** WORK ITEM **
Among the entries below, only the lines from the one with "안갯속 송림 사이로 피어난 구절초를 담고 싶어" through the one with "车身采用可升降设计,还有电动" are to be retyped, exactly and without pictures.

# # # # #

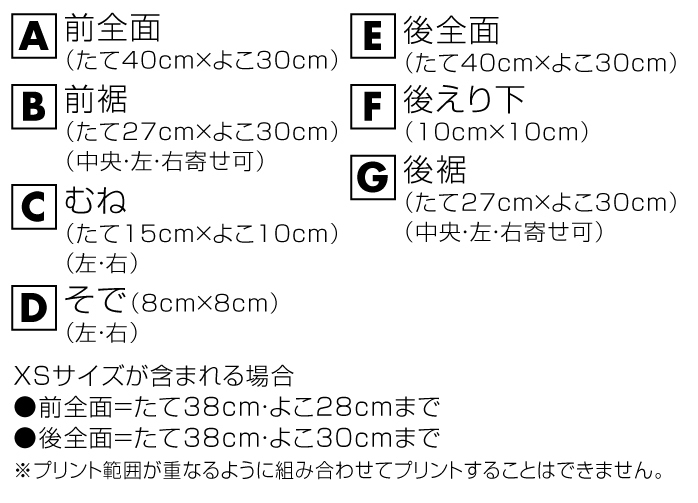 ※プリント場所を増やしたり色数を増やす場合は1箇所1色増えるごとに上記追加料金をたしてください。
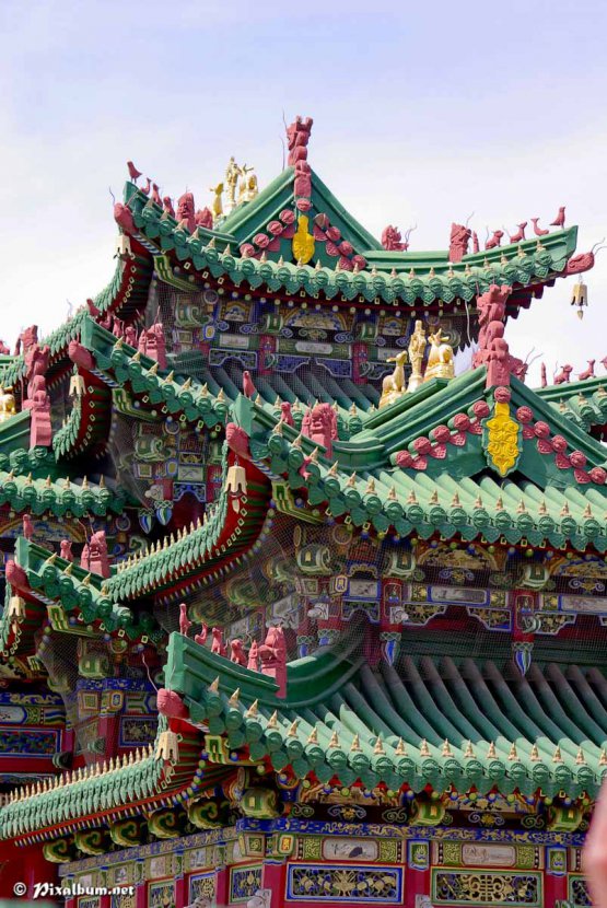 Toit de temple aux multiples facettes au cœur de la capitale mongole, Oulan-Bator
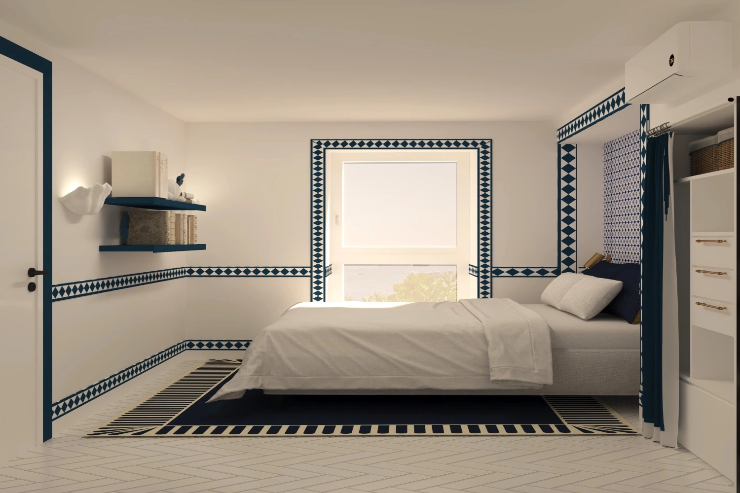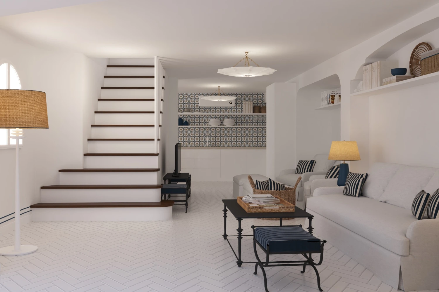 This three-level villa is divided into two distinct living areas, providing flexibility and privacy for every guest. The main house features a master bedroom and a second bedroom, both offering stunning sea views. Descend from the main house to the lower level, where you’ll find two independent bedrooms offering apartment-style living. The first floor of the main house boasts a dine-in kitchen and open-plan living and dining area. Cool white walls reflect the Mediterranean light, while accents of color, namely dark blue, add elegance and charm.
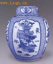 清康熙 景德镇窑青花花鸟博古图盖罐
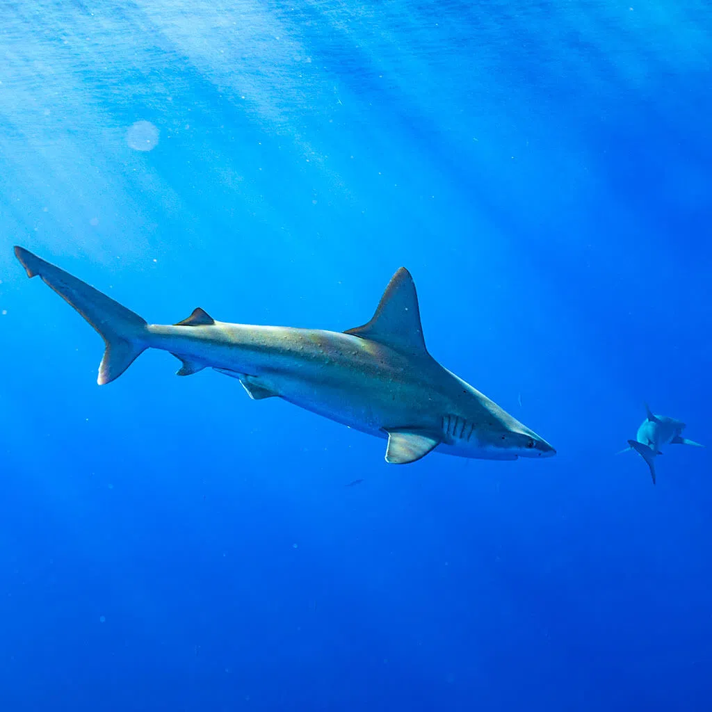 A species of requiem shark, in the family Carcharhinidae, found worldwide. This species favors clear reef environments around oceanic islands, where it is often the most abundant shark species. A large species that often reaches 9-10 ft. Galapagos sharks are active predators often encountered in large groups. Reproduction is viviparous, with females bearing litters of 4-16 pups every 2-3 years. The most commonly seen shark, their behavior is bold, inquisitive and persistent.
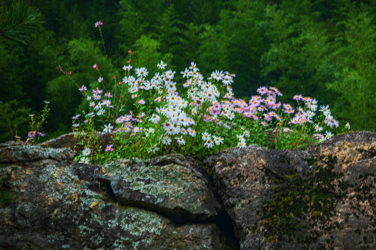 안갯속 송림 사이로 피어난 구절초를 담고 싶어
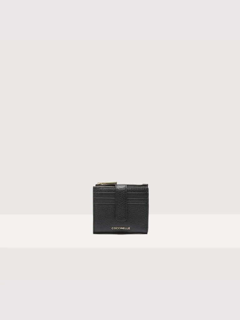 Portafoglio piccolo in pelle firmato Coccinelle, disponibile nei quattro eleganti colori nero, marrone, prugna e ribes. Progettato con tasche portacarte laterali che assicurano ordine e praticità, unisce un design raffinato a funzionalità essenziali, perfetto per chi cerca un accessorio compatto ed elegante.
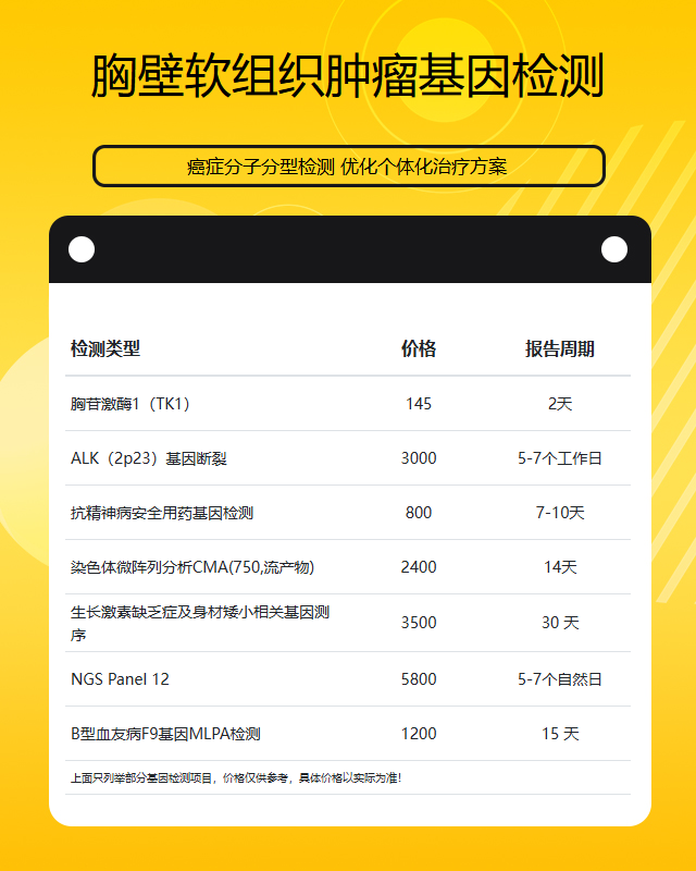 赣州胸壁软组织肿瘤基因检测套餐参考推荐
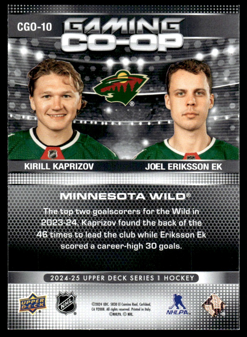 | 2024-25 Upper Deck Gaming Co-Op Kirill Kaprizov / Joel Eriksson Ek #CGO-10 | ||||||||||||||||
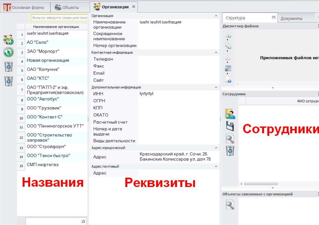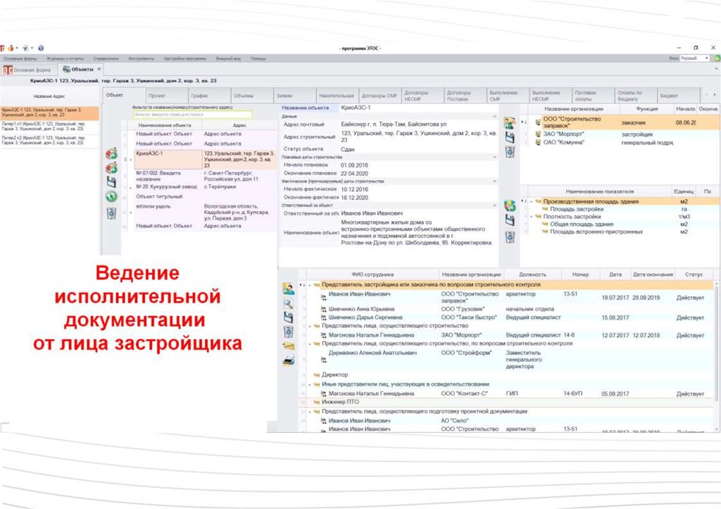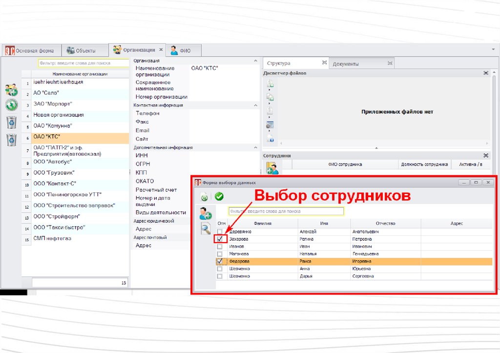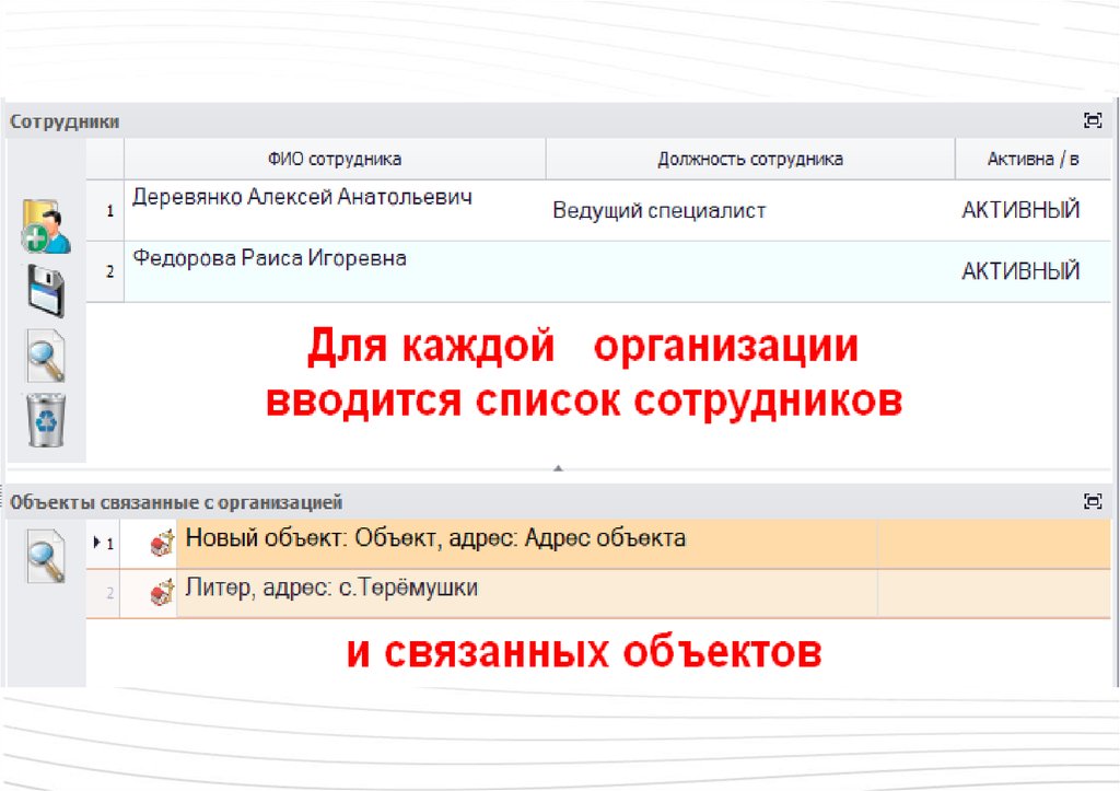 Сотрудники, указанные при описании объекта,попадают в список сотрудников в соответствующих
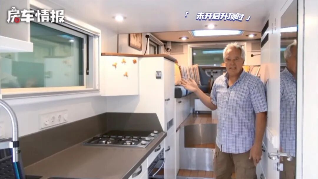 车身采用可升降设计,还有电动车窗,进一步提升车内空间,另外车内的整体氛围还是以简约为主,并没有国内同类型房车的那种浮夸风,整体给人的印象还是挺不错的,下面就跟着大叔来看看车内还有哪些亮点设计吧!
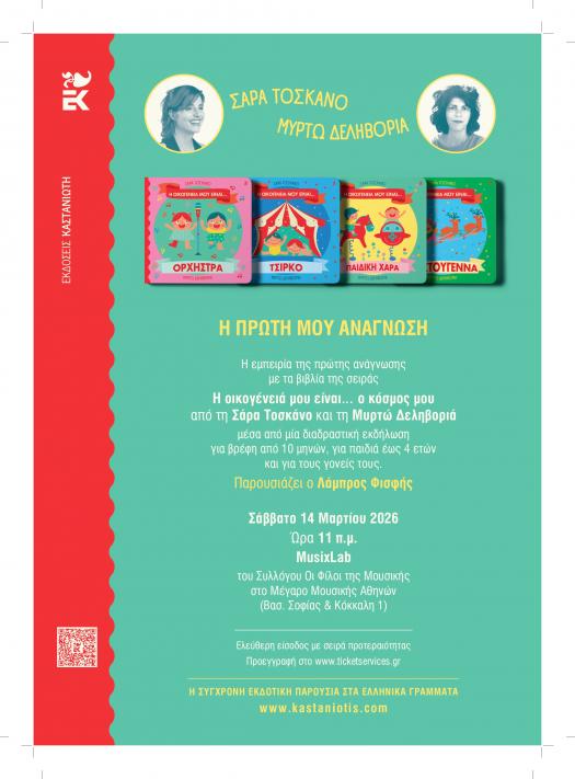 Η εμπειρία της πρώτης ανάγνωσης με τα βιβλία της σειράς Η οικογένειά μου είναι...ο κόσμος μου από τη Σάρα Τοσκάνο και τη Μυρτώ Δεληβοριά μέσα από μία διαδραστική εκδήλωση για βρέφη από 10 μηνών, για παιδιά έως 4 ετών και για τους γονείς τους.
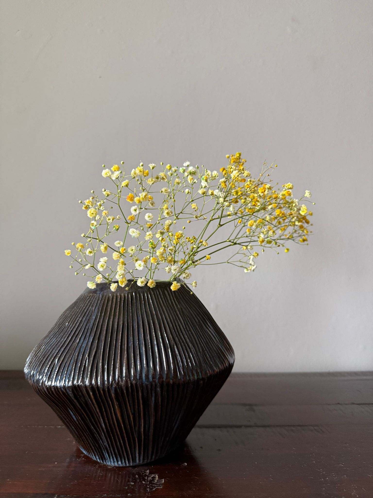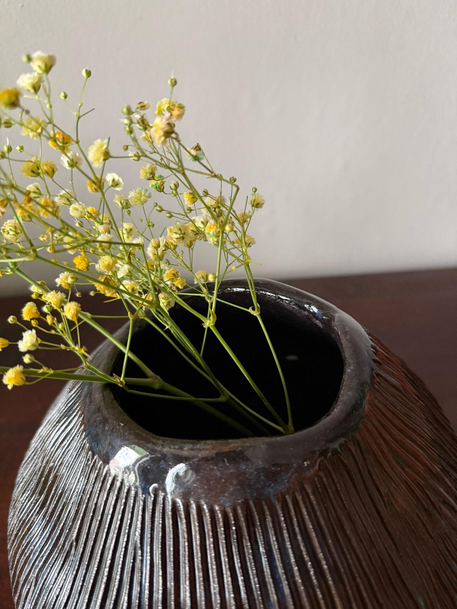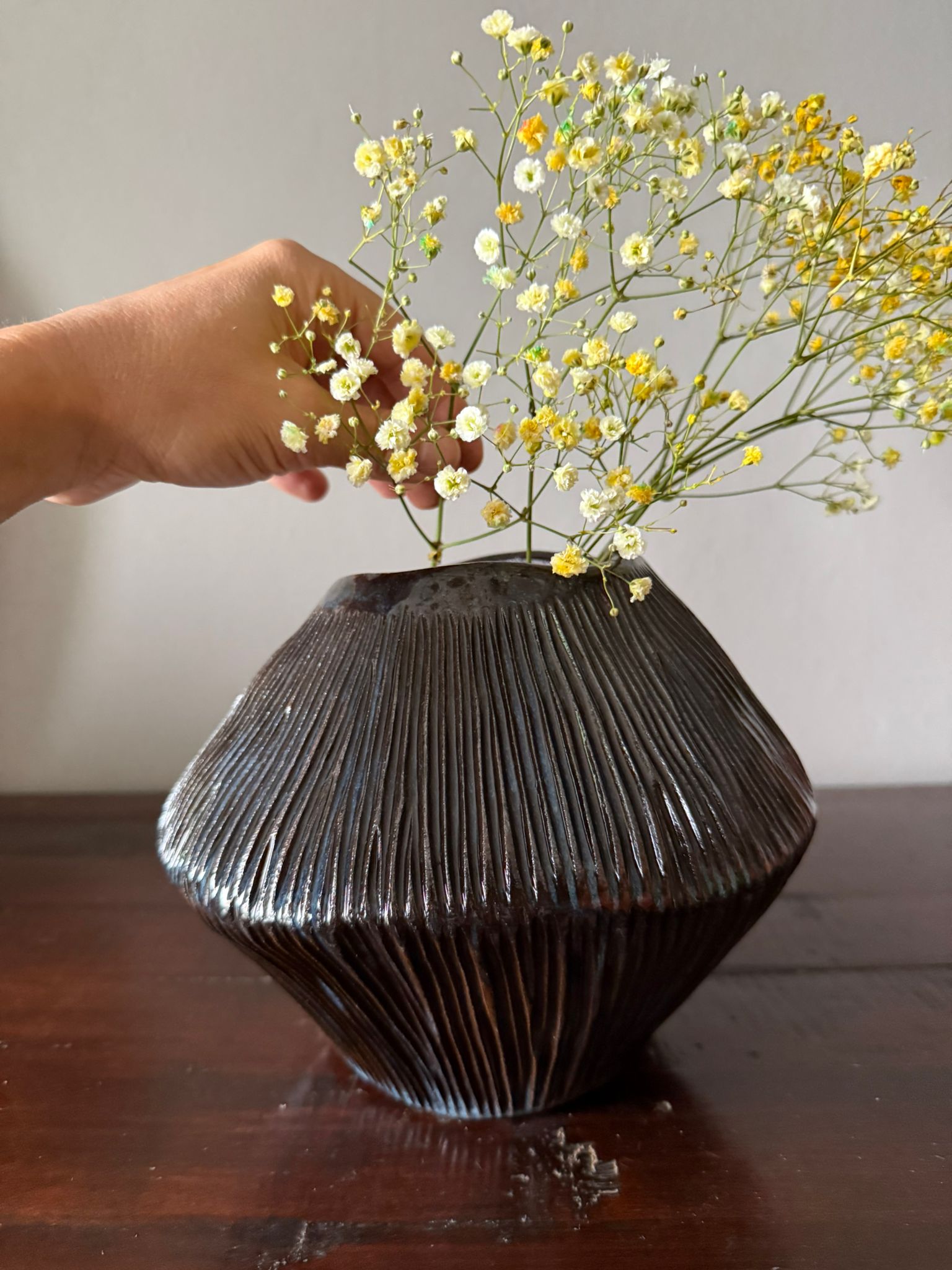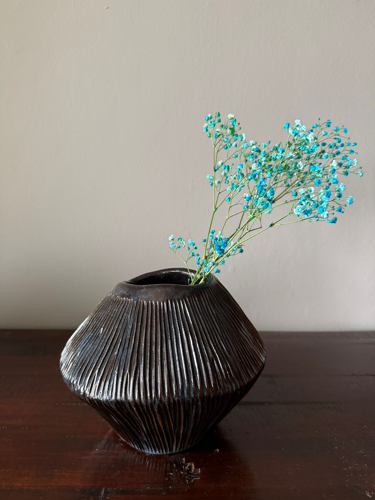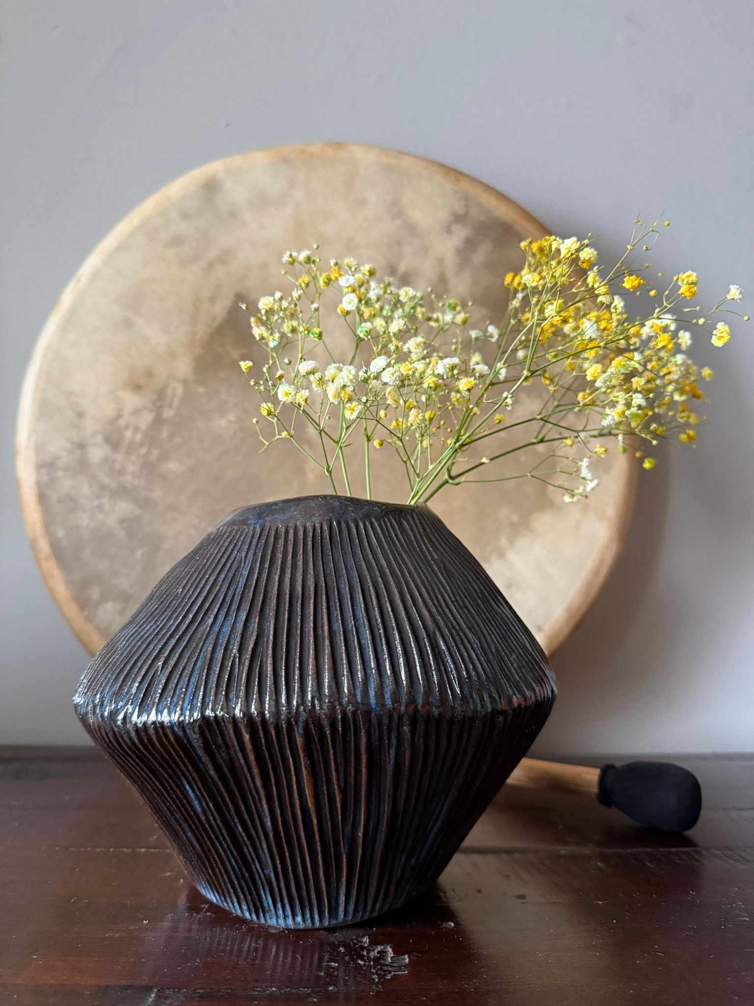 Wazon z kolekcji Deep Lines to połączenie siły formy i subtelności detalu. Wykonany w całości ręcznie z gliny w odcieniu głębokiej czerni, pokryty jest błyszczącym szkliwem z delikatnymi granatowymi tonami, które nadają mu elegancki i nieco tajemniczy charakter.

# # # # #

** ANSWER BOX **
 안갯속 송림 사이로 피어난 구절초를 담고 싶어
 Portafoglio piccolo in pelle firmato Coccinelle, disponibile nei quattro eleganti colori nero, marrone, prugna e ribes. Progettato con tasche portacarte laterali che assicurano ordine e praticità, unisce un design raffinato a funzionalità essenziali, perfetto per chi cerca un accessorio compatto ed elegante.
 赣州胸壁软组织肿瘤基因检测套餐参考推荐
 | 2024-25 Upper Deck Gaming Co-Op Kirill Kaprizov / Joel Eriksson Ek #CGO-10 | ||||||||||||||||
 Сотрудники, указанные при описании объекта,попадают в список сотрудников в соответствующих
 车身采用可升降设计,还有电动车窗,进一步提升车内空间,另外车内的整体氛围还是以简约为主,并没有国内同类型房车的那种浮夸风,整体给人的印象还是挺不错的,下面就跟着大叔来看看车内还有哪些亮点设计吧!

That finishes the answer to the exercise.